Listen to the vocal from 0:48 through to 0:55, and how it gets oddly quieter as the singer progresses towards the end of her line, her volume is everywhere and she sort of vanishes behind the backing track.  The girl who sings immediately after her has a similar issue, but not as pronounced.  They might not be the greatest singers in the studio, but the real blame here doesn’t lie with them, but with the engineer who clearly wasn’t able to fix it in the mix.  I very much doubt that weird fading vocal was their intention, this is an example of either a compressor not being used at all, or not having a strong enough ratio dialed in to compensate for the singer’s vocal discrepancies, maybe they had 2:1 on but they needed something like 10:1 to catch all those notes, or perhaps the threshold wasn’t set properly below where the vocals actually were. 

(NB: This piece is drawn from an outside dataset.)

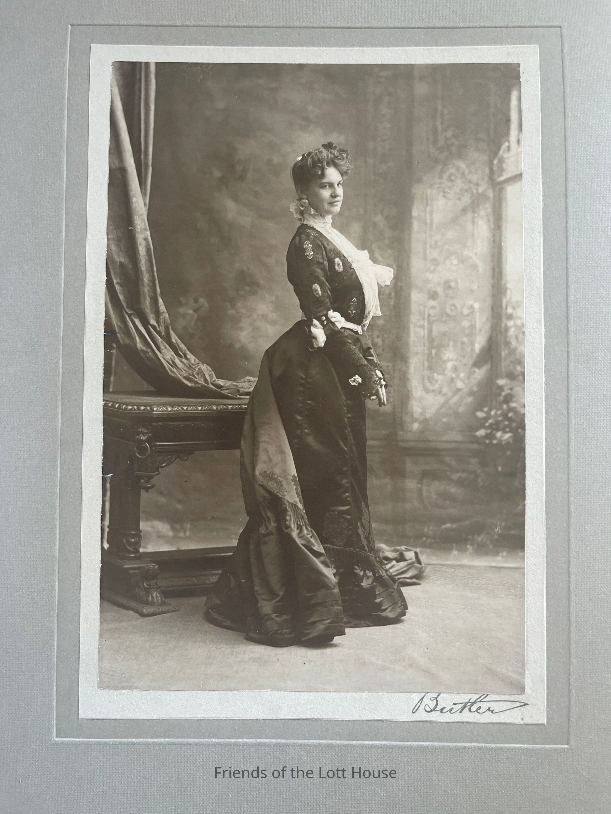 Photograph of a woman in a dark dress standing next to a table.Collection

Sometimes compression isn’t used, deliberately.  In this case, they’ve left it off Luna’s voice, so she can go very quiet in the opening and closing parts of the song without the machine automatically boosting her volume up, this allows her to match the dynamics of the players in Jambinai more accurately as they deliberately also play softly in some sections.  As the musicians around her increase their volume, Luna matches them with her voice.  Note that in the peaks of the song she’s still pulling her head away from the microphone as Ailee did, so she doesn’t overload the gain.  Luna, like Ailee, is a rare k-pop singer who actually knows what the fuck she’s doing.  There really aren’t many of these in the idol world.

A final word on clipping – while a final master should never be clipped, it’s possible with 32-bit recording software to clip your original instrument recordings into the mixdown phase and still get a final result that sounds good, this is because 32-bit audio actually stores information above digital zero (essentially making it function more like an analog recording device in this aspect), whereas 24-bit and lower systems just cut this information off completely.  Clipping the desk can therefore sometimes work better than compression for things like recording drum tracks or other transient peak sounds without adding so much normalisation that it turns everything into a complete wash.  If you’re interested in this topic, here’s some videos:

Note that it’s “horses for courses” of course.  You wouldn’t do this if you were recording a chamber orchestra or a sweet ballad, but for something like dubstep or some downtuned chug-chug music style with “core” at the end of its genre name, the results can be surprisingly good.  Use at your discretion.

That’s all for this post!  The music theory series will return!